The fossil vertebrate record of the Eocene Arctic includes giant tortoises, varanid lizards, and boid snakes. Mammal fossils are extremely diverse, including the rhino-like brontotheres, the hippo-like Coryphodon, a tapir like relative (Thuliadanta), an early horse (Hyracotherium?), carnivores (e.g., Viverravus, Miacis), meat-eating creodonts (e.g. Paaeonictis), a mesonychid (Pachyaena), a small swimming carnivore (Pantolestid), a leptictid and at least five rodents (including Paramys and Microparamys). There are over 40 fossil vertebrate sites in the Strathcona Fiord region.

There are numerous Eocene plant fossil sites, including shale units that are rich with leaves as compression fossils. Very notable are the petrified tree stumps, some of which are preserved in their original growth position. The trees show wide growth rings indicating favorable growth conditions. The fossil flora indicates the presence of rich floodplain forests dominated by dawn redwood (Metasequoia glyptostroboides), together with ginkgo (Ginkgo adiantoides), walnut family (Juglans and other Juglandaceae), elms (Ulmus spp.), birch and alder (Betulaceae), and katsura (Cercidiphyllum). Analysis of nearby fossil leaf sites from central Ellesmere Island of the same age indicate that these forests grew under very high rainfall, and can be considered to have represented a polar rainforest.

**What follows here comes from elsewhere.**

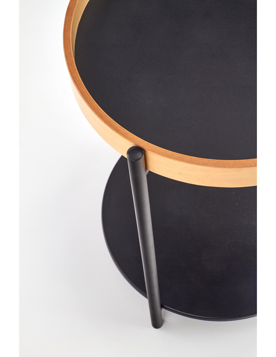 Wybierz stylową ławę, która stanie się sercem Twojego wnętrza! Ława ROLO to idealne połączenie nowoczesnego designu z funkcjonalnością. Okrągły, czarny blat otoczony elegancką ramą ze sklejki giętej przyciąga wzrok i doskonale komponuje się z każdym stylem aranżacji. Dzięki dwóm poziomym powierzchniom, górnej i dolnej, zyskujesz dodatkowe miejsce na przechowywanie książek, kawy czy dekoracji.

This lush Eocene ecosystem thrived under a polar light regime. Like today, the region would have seen 24-hour sun in the summer and 24-hour darkness in the winter as it was positioned at almost the same latitude in the Eocene as it is today. Despite an early Eocene climate with generally mild frost-free temperatures, the polar light regime likely forced these plants to be deciduous.